Shot in 28 days at a real Tokyo dump site, Dodes'ka-den is not a major work from the great Kurosawa. Although at the 1971 Academy Awards it was nominated for Best Foreign Film, its critical and financial failure only deepened the director's long-building depression, and we're fortunate that his suicide attempt -- cutting himself over two dozen times with a razor -- was also a failure. It was five years before he made another film.
But we are talking Kurosawa, and while his unfortunate characters are rather too plainly representative of "the human condition," Dodes'ka-den is in its own right a haunting interior look at society's outcasts, failures, and rejects. (Even if you've never before heard of Kurosawa, if you like Jim Jarmusch you should give this one a spin and spot the possible influences.) Its smattering of social realism mixes deftly with a strange melancholic whimsy. Dodes'ka-den need not be a grand-scale "Kurosawa film" on the order of Rashomon, Seven Samurai, or Ran to give us much that's effective, emotive, and beautiful. Followers of the master should seek it out as a telling work from a critical time in his personal and professional life. There's never a doubt that what you're seeing is a master craftsman putting his passions and labor onto a canvas that meant a lot to him.
An easy pick-up for Kurosawa devotees, the Criterion Collection's new DVD gives Dodes'ka-den a customary stellar presentation, with the film newly remastered to a colorful brilliance and vividness not seen before on home video editions. (DVD Beaver has posted comparison screenshots from this Criterion disc and the previous inferior DVD from Mei Ah.) Criterion has likewise improved the Japanese soundtrack (Dolby Digital mono) and the translation subtitles.

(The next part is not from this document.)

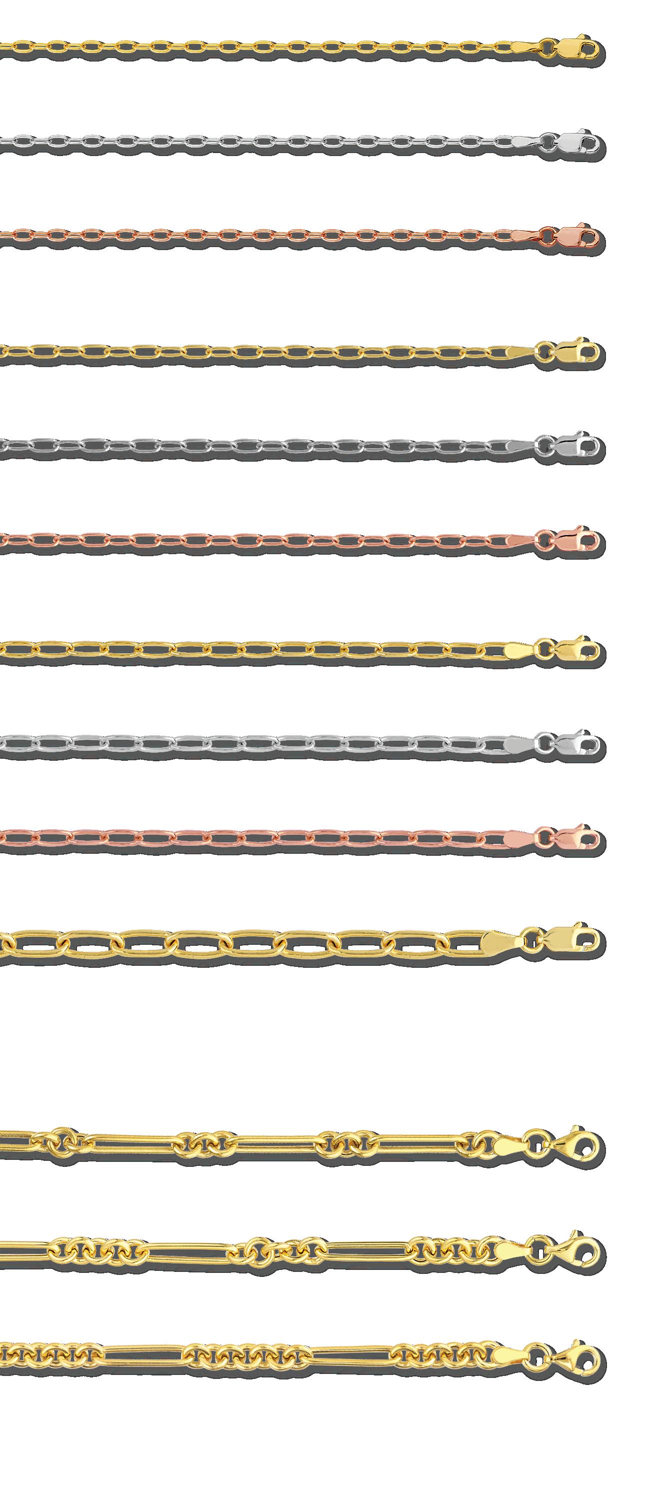 www .midaschain. com 25 14 KARAT Chain MZ005413-14Y MZ001036-14Y MZ001035-14Y MZ001046-14Y MZ001043-14Y MZ001039-14Y Gram Weight Gram Weight Gram Weight Gram Weight Gram Weight Gram Weight Unit Price Unit Price Unit Price Unit Price Unit Price Unit Price 22.30 15.88 11.15 8.05 4.26 1.23 1.11 24.75 17.61 12.35 8.89 4.70 1.35 27.25 19.54 13.55 9.75 5.13 1.50 29.70 21.06 14.75 10.62 5.57 37.15 26.24 18.35 13.21 $3,961 $2,830 $1,980 $759 $221 $199 $4,396 3,128 $2,190 $1,583 $837 $242 $4,840 $3,435 2,407 $1,736 $913 $269 $5,275 $3,741 2,636 $1,891 $1,004 $992 $6,598 4,661 $3,259 $2,352 MZ001039-14B Gram Weight Unit Price 1.23 1.11 1.35 1.50 $223 $202 $245 $272 MZ001043-14B Gram Weight Unit Price 4.26 4.70 5.13 5.57 $768 $847 $925 MZ001046-14B Gram Weight Unit Price 8.02 8.89 9.75 10.62 13.21 $1,602 $1,446 $1,433 $1,757 $1,914 $2,381 MZ001035-14B Gram Weight Unit Price 11.15 12.35 13.55 14.75 18.35 $2,005 $2,436 $2,220 $2,652 $3,299 MZ001036-14B Gram Weight Unit Price 15.88 17.61 19.54 21.06 26.24 $2,855 3,166 $3,477 $3,787 4,718 MZ005413-14B Gram Weight Unit Price 22.30 24.75 27.25 29.70 37.15 $4,010 $4,450 $4,900 $5,340 $6,680 TM022784-14Y Gram Weight Unit Price 3.04 3.38 3.72 $580 $645 $710 TM022784-14K Gram Weight Unit Price 3.04 3.38 3.72 $580 $645 $710 7.5” TM022685-14Y Gram Weight Unit Price 18.19 7.02 $3,485 $1,345 TM022784-14B Gram Weight Unit Price 3.04 3.38 3.72 $588 $654 $720 030 Gauge 120 Gauge 050 Gauge 050 Gauge 050 Gauge 030 Gauge 080 Gauge 100 Gauge 120 Gauge 120 Gauge 140 Gauge 140 Gauge 100 Gauge 080 Gauge 060 Gauge 060 Gauge White Gold White Gold White Gold White Gold White Gold White Gold 1.10 mm 1.10 mm 3.00 mm 3.70 mm 4.40 mm 4.40 mm 5.60 mm 5.60 mm 3.70 mm 3.00 mm 2.30 mm 2.30 mm Please indicate length when ordering White Gold Rose Gold 2.20 mm 2.20 mm 2.20 mm 5.40 mm MODERN MARINER CHAIN STYLE # 16” 18” 20” 22” 30” 24”

Criterion has added a typical selection of authoritative extras. A 36-minute segment from Akira Kurosawa: It Is Wonderful to Create -- the comprehensive 2002 Toho Masterworks documentary series parceled out among Criterion's other Kurosawa DVDs -- focuses on the making of Dodes'ka-den and the unhappy years leading up to it, a time of severe professional setbacks for the esteemed director (such as getting fired from Tora! Tora! Tora! and rumors of deteriorating mental health). On hand are archival interviews with Kurosawa, actor Yoshitaka Zushi, script supervisor Teruyo Nogami, and others from the production.
Besides the theatrical trailer, the other big extra is the glossy 26-page booklet that includes an interview with Teruyo Nogami (writer, critic, and film lecturer who worked with Kurosawa on every film since 1950's Rashomon), and Kurosawa scholar Stephan Prince's fine essay, True Colors, which Criterion has posted for comments on the website's "online cinematheque."